First Deputy Leader of the Conservative Party
- Incumbent
- Assumed office 3 April 2022
- Leader: Erna Solberg Ine Eriksen Søreide
- Preceded by: Jan Tore Sanner

Minister of Research and Higher Education
- In office 24 January 2020 – 14 October 2021
- Prime Minister: Erna Solberg
- Preceded by: Iselin Nybø
- Succeeded by: Ola Borten Moe

Minister of Education and Research
- Acting 15 September 2017 – 26 November 2017
- Prime Minister: Erna Solberg
- Preceded by: Torbjørn Røe Isaksen
- Succeeded by: Torbjørn Røe Isaksen

Leader of the Young Conservatives
- In office 22 June 2008 – 23 June 2012
- First Deputy: Eivind Saga Rolf Erik Tveten
- Second Deputy: Stefan Heggelund Camilla Strandskog
- Preceded by: Torbjørn Røe Isaksen
- Succeeded by: Paul Joakim Sandøy

Member of the Norwegian Parliament
- Incumbent
- Assumed office 1 October 2013
- Deputy: Thore Vestby Anne Kristine Linnestad Kari Sofie Bjørnsen
- Constituency: Akershus

Personal details
- Born: 21 August 1983 (age 43) Bærum, Akershus, Norway
- Party: Conservative
- Domestic partner: Simon Stisen (2022–present)

= Henrik Asheim =

Norwegian politician

Henrik Asheim (born 21 August 1983) is a Norwegian politician for the Conservative Party.
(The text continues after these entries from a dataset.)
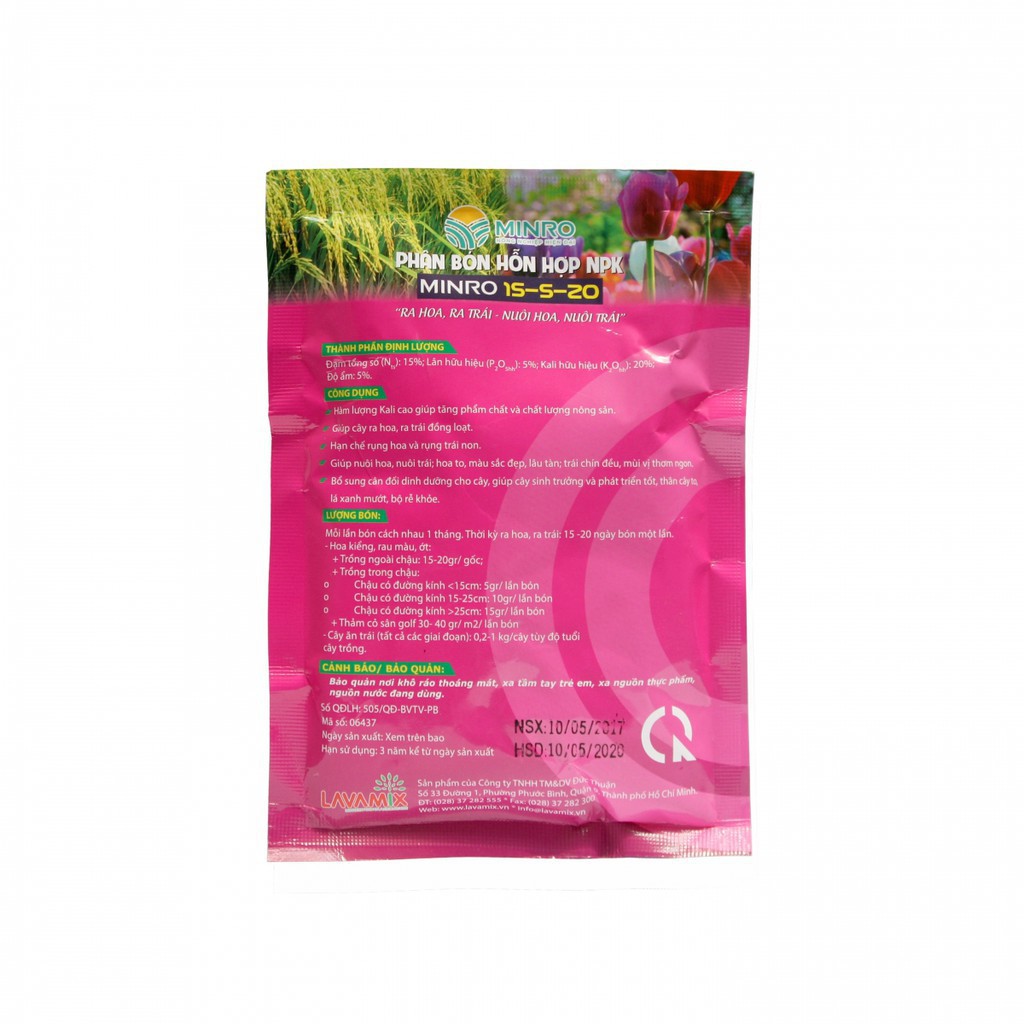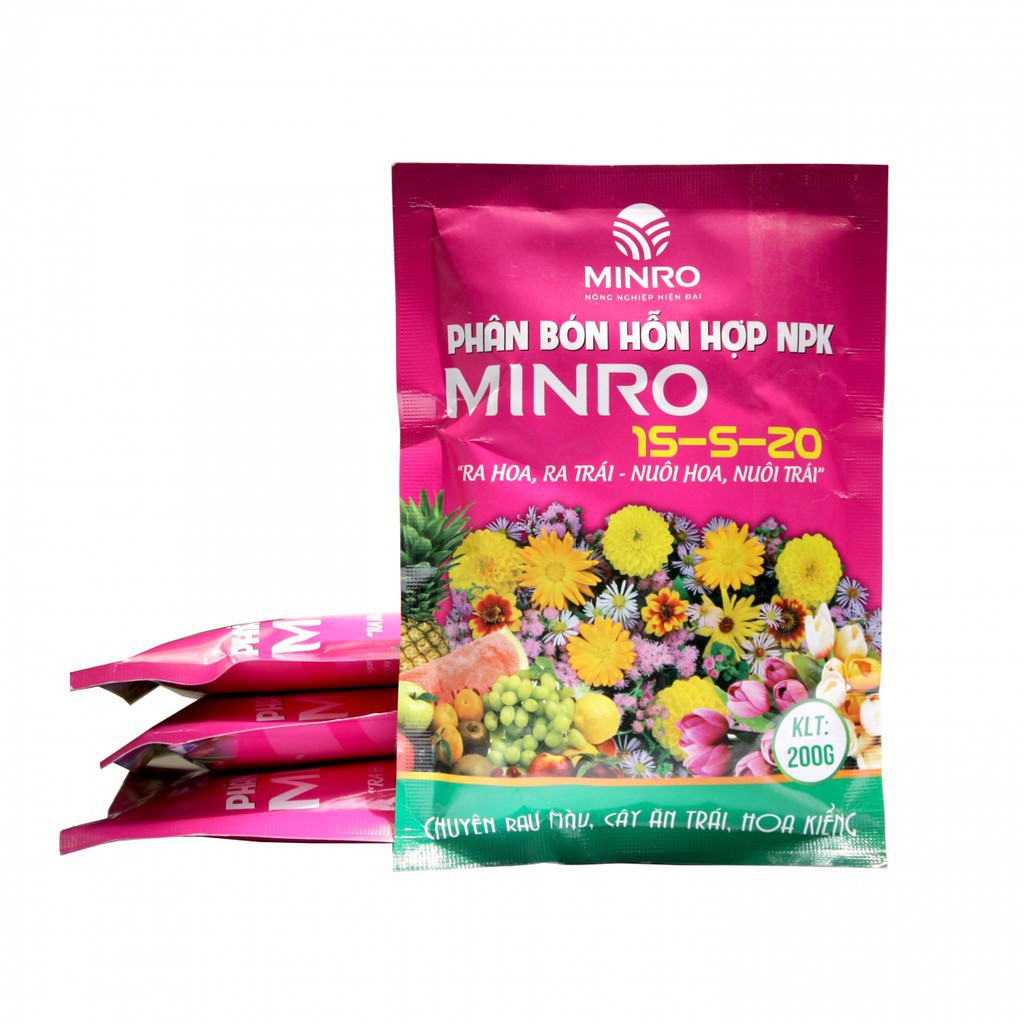 Giới thiệu Phân Bón Hỗn Hợp NPK 15-5-20 MINRO Giúp RA HOA, RA TRÁI - NUÔI HOA, NUÔI TRÁI (200Gram)
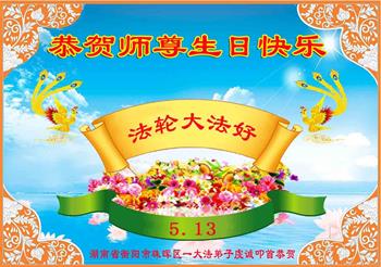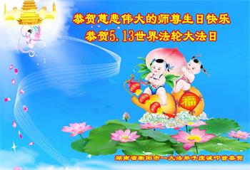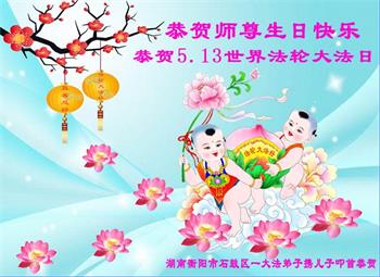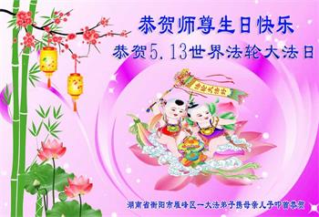 恭贺5.13世界法轮大法日 恭祝师尊生日快乐! 恭贺5.13世界法轮大法日! 湖南省衡阳市石鼓区一大法弟子携儿子叩首恭贺 湖南省岳阳地区汨罗市全体大法弟子敬贺法轮大法日!
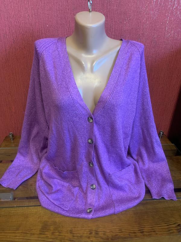 Новий кардиган з люрексовою ниткою бузкового кольору. Заміри надам при потребі. Дивіться інші мої оголошення, є багато різних речей та взуття. Діють постійно знижки та акції.

He was leader of the Norwegian Young Conservatives from 2008 to 2012, and Minister of Higher Education from 2020 to 2021. He has also been a member of parliament for Akershus since 2013 and the party's first deputy leader since 2022.

==Political career==
===Party politics===
In 2007, Asheim was elected to Bærum municipal council. He was leader of the Norwegian Young Conservatives, the youth wing of the Conservative Party from 2008 to 2012. He had previously been deputy leader between 2007 and 2008.

He was elected the leader of the Bærum Conservatives on 29 November 2021, defeating the incumbent Siw Wikan with 91 votes. He didn't seek re-election in 2023 and was succeeded by Haakon Christopher Sandven on 28 November.

Following Jan Tore Sanner's announcement that he would step down as deputy leader, Asheim was among the favourites to succeed him, alongside Nikolai Astrup and Ine Eriksen Søreide. The latter later announced she wouldn't be seeking the deputy leadership, and Asheim was subsequently designated as first deputy leader on 17 February 2022. He was formally elected at the party conference on 3 April 2022.

He announced his candidacy for the leadership of the party a month after Erna Solberg announced her resignation following the 2025 election. He did however say he would withdraw his candidacy should front runner Ine Eriksen Søreide also seek the leadership, which he ultimately did upon her candidacy announcement on 6 November. The party's election committee designated him to continue in his role as first deputy leader on 11 December, with Søreide as leader and Ola Svenneby as second deputy leader. The trio were formally elected at the party's extrodinary convention on 14 February 2026.

===Parliament===
In the 2013 general election, he was elected to the Storting for Akershus. In the Storting, he was a member of the Standing Committee on Education, Research and Church Affairs. He was reelected in 2017 and 2021.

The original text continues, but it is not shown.